Gefochten, geflirtet, gezaubert, gerappt, gesteppt

»Wenn Ja wie viele« fragten spitzfindig Musicalstudenten der UdK

  • Volkmar Draeger
  • Lesedauer: 3 Min.

Die Szene im UNI.T war mittig gezackt, den Boden bedeckte ein roter Stern, als sei man auf dem Walk of Fame. Noch haben die Studenten des 2. Ausbildungsjahres im Fach Musical dafür alle Chancen. Zuvor jedoch zeigten sie in der Mitte ihres Studiums erst einmal, was sie bisher gelernt haben - und das kann sich allemal sehen lassen. »Wenn Ja wie viele« heißt eine Collage, die als seine letzte Großtat vor der Emeritierung Rhys Martin mit ihnen gemeinsam erarbeitet hat.

So konfus und doppelbödig wie der Titel war dann auch, was zwei Stunden ohne eigentliche Handlung über die bis zur Brandmauer offene Bühne ging und von den neun begeisterten Akteuren ausgefüllt werden musste. Kein Nummernprogramm mit bekannten Musicalhits, vielmehr eine Melange aus Textsplittern, Songs und Selbsterkenntnis. Einer spielte zeitweilig Regisseur und versuchte Ordnung ins Chaos zu bringen, denn jeder hatte Erwartungen an das, was er spielen wollte. Und der Zuschauer hat sie stets auch, wie ein Kurzmonolog aus Peter Handkes »Publikumsbeschimpfung« gleich eingangs weiß. Wie aber geht da Show?

Indem man mit mehr oder weniger passenden Zitaten von Woody Allen und Sibylle Berg über Kleist und Loher bis Shakespeare und Schiller verbindet, wozu man geladen war: Songs aus teils nicht so geläufigen Werken der Unterhaltungsindustrie. Hierbei waren die Akteure multifunktional gefordert: als Interpreten einer Rolle, als Teil des probenden Ensembles und als sie selbst in ihren Fragen an sich zur Wahrheit des Mitgeteilten, zur Authentizität von Kunst und auch an die eigene Geschichte.

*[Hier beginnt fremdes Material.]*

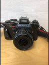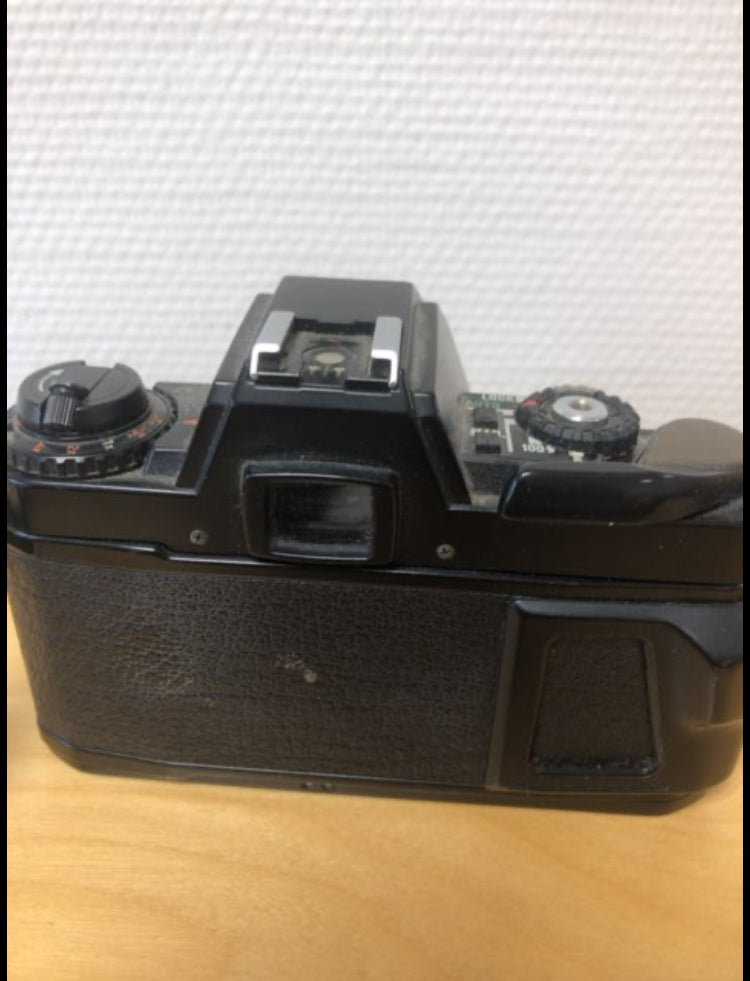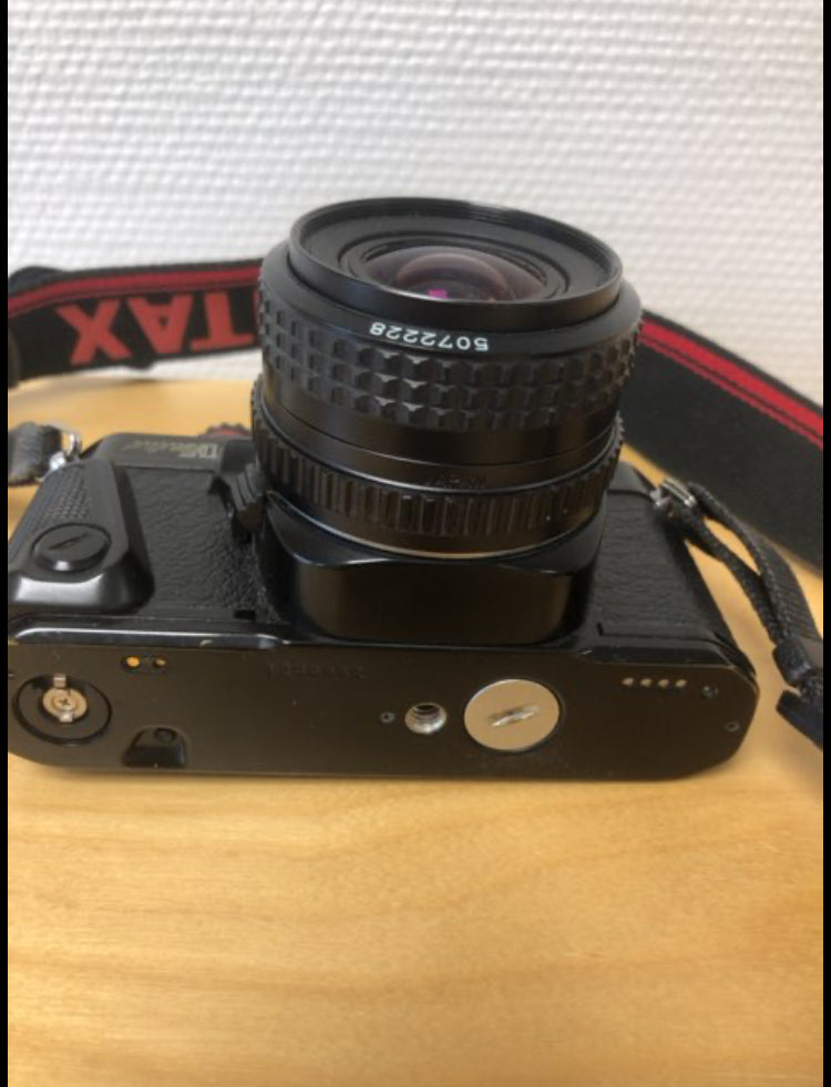 Kameraet har en sort metalramme med en optik på 28 mm og forskellige justeringsknapper. Spejlrefleks.
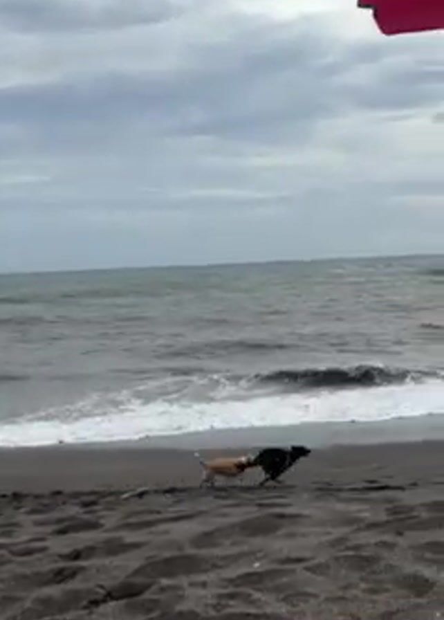 beach scene with two dogs playing on the black sand. A red flag flutters in the wind beside a small wooden table set with a drink and a dish. Someone is relaxing on the sand beneath the table. The ocean waves are visible in the background under a cloudy sky.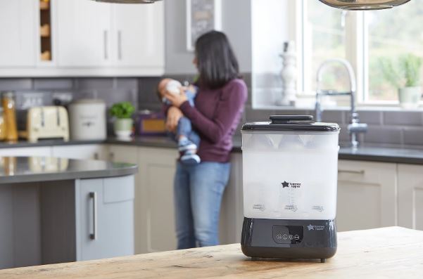 • Sterilises and dries up to 6 bottles in 40 minutes • Kills 99.9% of harmful germs • Contents stay sterile for 24 hours* with the lid closed • HEPA air filter blocks dust and dirt – replacement filter included • Space for 6 bottles plus teats, or a mix of soothers and breast pump accessories • 100% natural – uses steam, not chemicals *When the sterilising cycle is finished either remove bottles and accessories for use straightaway or leave the lid closed and the contents will remain sterile for up to 24 hours. Product Description The less time you spend cleaning and preparing bottles the better. Sterilise and dry up to 6 bottles in 40 minutes with the Tommee Tippee advanced electric steriliser and dryer. Using only natural steam to envelope every surface, this electric steam steriliser kills 99% of germs that may linger in bottles, teats, breast pumps and other baby feeding accessories. The quick and convenient sterilising and drying cycle means you are never without a clean, dry sterilised bottle for your baby.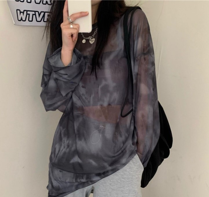 シースルータイダイ柄トップスカットソー長袖薄手透け感シャツグレーレディースメンズガールズダンス衣装ヒップホップ韓国おしゃれかっこいい大きいビッグストリートマーブル個性的服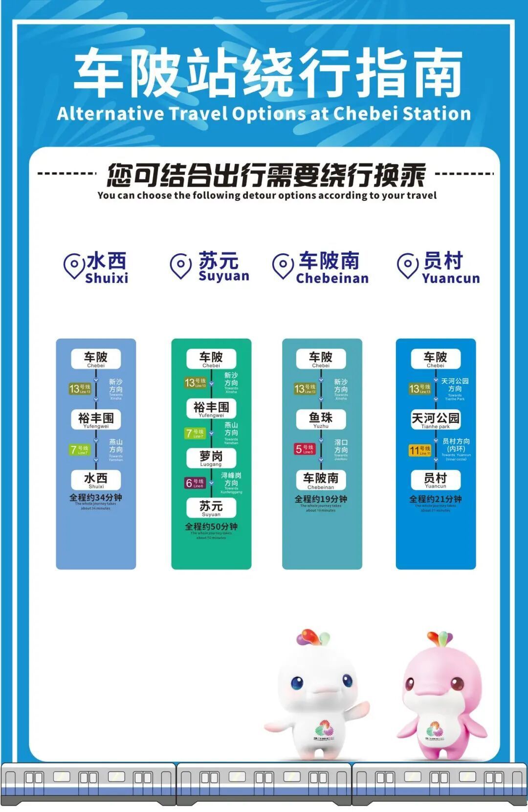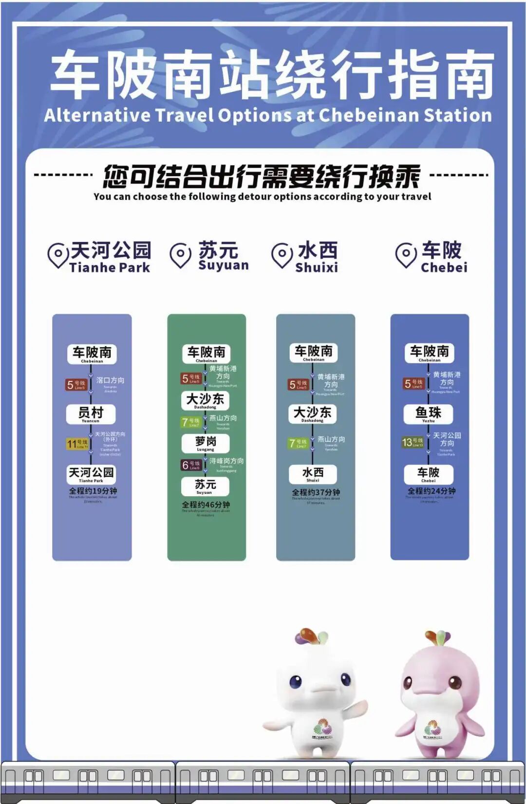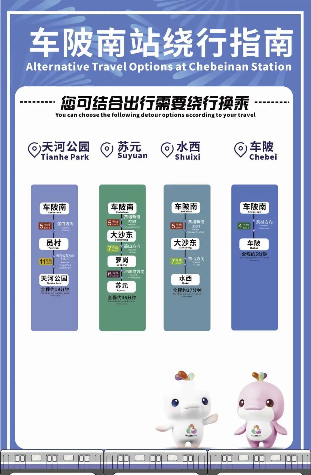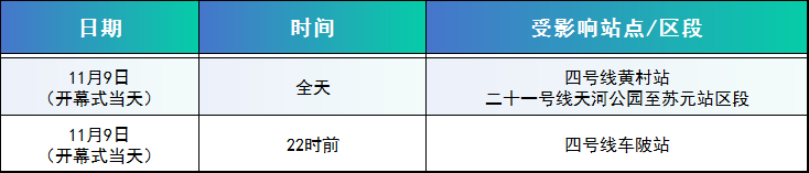 为保障十五运会开幕式疏运工作,11月9日(星期日)开幕式当天,地铁四号线黄村站及二十一号线天河公园至苏元站全天停止对外服务;四号线车陂站22时前停止对外服务,22时后恢复往南沙客运港方向的运营服务。

Anspruchsvoll, dieser permanente Wechsel von Spielebene zu Spielebene, bisweilen zeitbezogen und witzig, oft berührend. Martins Inszenierung bestach durch Tempo und rasche Übergänge, Verwandlungen auf offener Szene, hauptsächlich aber durch die ungebremste Spielfreude der Studenten. Ob es um, ja, was schon?, Liebe ging oder um jenen Schatten, von dem Mozart sich bedrängt fühlte; um Adolpho im Zweifel an seiner Männlichkeit; den drallen Hamburger Jung; den Wedding als Broadway in Berlin oder die burlesque Attitüde. Gefochten wurde zwischendurch, asiatisch respektive mit Stöcken vehement gekämpft, geflirtet, gezaubert, gerappt und gesteppt. Auf so viele Komödianten darf der Studiengang stolz sein.

Karim Plett etwa, umwerfend beim Zubereiten von Frikadellos, bravourös mit großer Stimme dann in »So leb dein Leben«, der deutschen Version eines Sinatra-Erfolgs. Oder Denis Riffel, der stücklang den Rollstuhlfahrer gab und mit sehr viel Wärme und Emotion Mozarts »Schatten« gestaltete. Oder Johannes Krimmel, der als Männlichkeitsgeste zum Beinahe-Strip griff. Oder der Kameruner Ngako Keuni mit seinem imposant bis in Falsett-Höhen getriebenen »Adios«. Als vielseitig toughe Ladies behaupteten sich schießend, tanzend und bei Bedarf sexy Florentine Beyer und Nicola Kripylo gegen so viel männliche Übermacht, zu der nicht minder stark Tristan Giovanoli, Timo Stacey und Florian Heinke gehörten.

Dem fußwippenden Bongo-Finale hoch auf der Showtreppe folgte nach all der bohrenden Sinnsuche die Entspannung in Form eines Nonetts: »Ich wollt‘, ich wär‘ ein Huhn« als Reminiszenz an einen Filmschlager von 1936 führte zurück ins wirkliche Leben, in dem man sich gottlob nicht ständig mit Selbstzweifeln plagt oder plagen muss und manchmal auch nur ist, wie man ist. Den profunden Akteuren und ihrem einfühlsamen Pianisten Hans-Jörn Brandenburg dürfte das auch nach den fünf bestens besuchten Vorstellungen nicht anders gehen.